Judge Lord Armstrong said Mr Parsons likely died from “impacted breathing and a bleeding thorax”.

Robert McKellar, who pled guilty to attempting to pervert the course of justice (PA)

As well as burying his body, the brothers also hid Mr Parsons’s bicycle behind a waterfall on the Auch Estate but this has never been recovered, the court heard.

The two men were arrested on December 20, 2020 and Mr Parsons’s body was recovered for forensic investigation in January 2021.

Sentencing Alexander McKellar, Judge Lord Armstrong said: “Mr Parsons’s family have been deeply impacted and the emotional harm is ongoing.

“There is nothing I can say or do to compensate for their loss.”

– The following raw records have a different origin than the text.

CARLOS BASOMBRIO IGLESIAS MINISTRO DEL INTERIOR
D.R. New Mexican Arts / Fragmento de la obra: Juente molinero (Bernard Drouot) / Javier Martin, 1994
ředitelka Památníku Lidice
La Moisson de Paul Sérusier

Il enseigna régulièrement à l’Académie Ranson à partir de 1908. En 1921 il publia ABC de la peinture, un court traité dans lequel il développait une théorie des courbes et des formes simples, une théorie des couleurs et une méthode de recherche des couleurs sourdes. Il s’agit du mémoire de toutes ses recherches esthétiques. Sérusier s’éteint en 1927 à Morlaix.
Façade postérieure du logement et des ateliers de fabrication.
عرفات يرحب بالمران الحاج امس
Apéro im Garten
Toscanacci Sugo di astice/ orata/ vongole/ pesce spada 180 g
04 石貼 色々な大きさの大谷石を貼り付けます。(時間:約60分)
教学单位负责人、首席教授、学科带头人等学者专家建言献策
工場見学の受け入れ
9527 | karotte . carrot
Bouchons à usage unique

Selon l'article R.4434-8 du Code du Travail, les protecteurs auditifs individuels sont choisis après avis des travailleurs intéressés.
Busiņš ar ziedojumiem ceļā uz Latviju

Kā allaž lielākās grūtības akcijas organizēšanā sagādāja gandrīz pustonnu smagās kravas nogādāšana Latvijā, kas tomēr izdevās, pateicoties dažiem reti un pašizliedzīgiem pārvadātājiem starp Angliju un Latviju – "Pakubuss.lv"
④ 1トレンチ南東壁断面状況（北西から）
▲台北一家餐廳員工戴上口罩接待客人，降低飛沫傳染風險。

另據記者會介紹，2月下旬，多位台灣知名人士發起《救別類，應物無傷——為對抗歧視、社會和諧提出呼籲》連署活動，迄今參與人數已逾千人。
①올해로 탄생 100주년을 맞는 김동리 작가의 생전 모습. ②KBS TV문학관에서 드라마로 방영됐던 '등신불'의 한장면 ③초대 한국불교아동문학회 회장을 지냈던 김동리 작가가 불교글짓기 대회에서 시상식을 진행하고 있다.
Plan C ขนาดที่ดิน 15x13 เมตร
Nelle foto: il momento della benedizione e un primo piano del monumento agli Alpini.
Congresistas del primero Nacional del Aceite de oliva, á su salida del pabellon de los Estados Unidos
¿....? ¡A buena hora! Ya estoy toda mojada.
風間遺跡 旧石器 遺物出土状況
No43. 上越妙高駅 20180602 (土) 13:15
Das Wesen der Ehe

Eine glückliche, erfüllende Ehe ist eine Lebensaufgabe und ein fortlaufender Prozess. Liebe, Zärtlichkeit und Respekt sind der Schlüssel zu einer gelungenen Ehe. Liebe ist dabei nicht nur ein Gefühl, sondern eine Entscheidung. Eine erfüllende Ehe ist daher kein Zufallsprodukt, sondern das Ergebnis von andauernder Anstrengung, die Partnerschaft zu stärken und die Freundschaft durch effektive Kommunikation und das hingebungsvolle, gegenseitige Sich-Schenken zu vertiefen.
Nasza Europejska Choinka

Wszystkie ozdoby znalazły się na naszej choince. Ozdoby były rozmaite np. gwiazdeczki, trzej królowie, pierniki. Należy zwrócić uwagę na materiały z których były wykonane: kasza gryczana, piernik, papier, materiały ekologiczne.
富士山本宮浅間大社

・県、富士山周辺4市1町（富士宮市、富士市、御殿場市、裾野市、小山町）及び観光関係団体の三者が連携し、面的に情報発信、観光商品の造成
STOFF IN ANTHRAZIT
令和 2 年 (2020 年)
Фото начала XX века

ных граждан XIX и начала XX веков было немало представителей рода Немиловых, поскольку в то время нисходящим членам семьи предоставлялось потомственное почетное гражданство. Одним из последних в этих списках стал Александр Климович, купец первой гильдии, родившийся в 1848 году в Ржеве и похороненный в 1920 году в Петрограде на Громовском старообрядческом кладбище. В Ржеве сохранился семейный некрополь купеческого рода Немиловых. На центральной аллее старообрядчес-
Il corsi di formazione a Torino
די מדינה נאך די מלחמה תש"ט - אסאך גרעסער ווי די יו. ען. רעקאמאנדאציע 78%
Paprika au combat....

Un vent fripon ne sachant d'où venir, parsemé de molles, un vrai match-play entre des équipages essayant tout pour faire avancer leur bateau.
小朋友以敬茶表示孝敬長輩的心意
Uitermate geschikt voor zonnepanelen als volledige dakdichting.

The cyclist’s family released a statement after the guilty pleas, saying he loved “nothing more” than spending time with his grandchildren.

The statement said: “As you can imagine, not knowing what has happened to someone and then the devastating news that we were provided has taken its toll on all of us as a family.

“At last justice has been done and we would like to thank not only the court officials and officers from Police Scotland’s major investigation team, Forth Valley Division; and other Police Scotland departments who worked on this case, but all the volunteers and mountain rescue teams who tirelessly searched for him in the earlier stages of the inquiry.”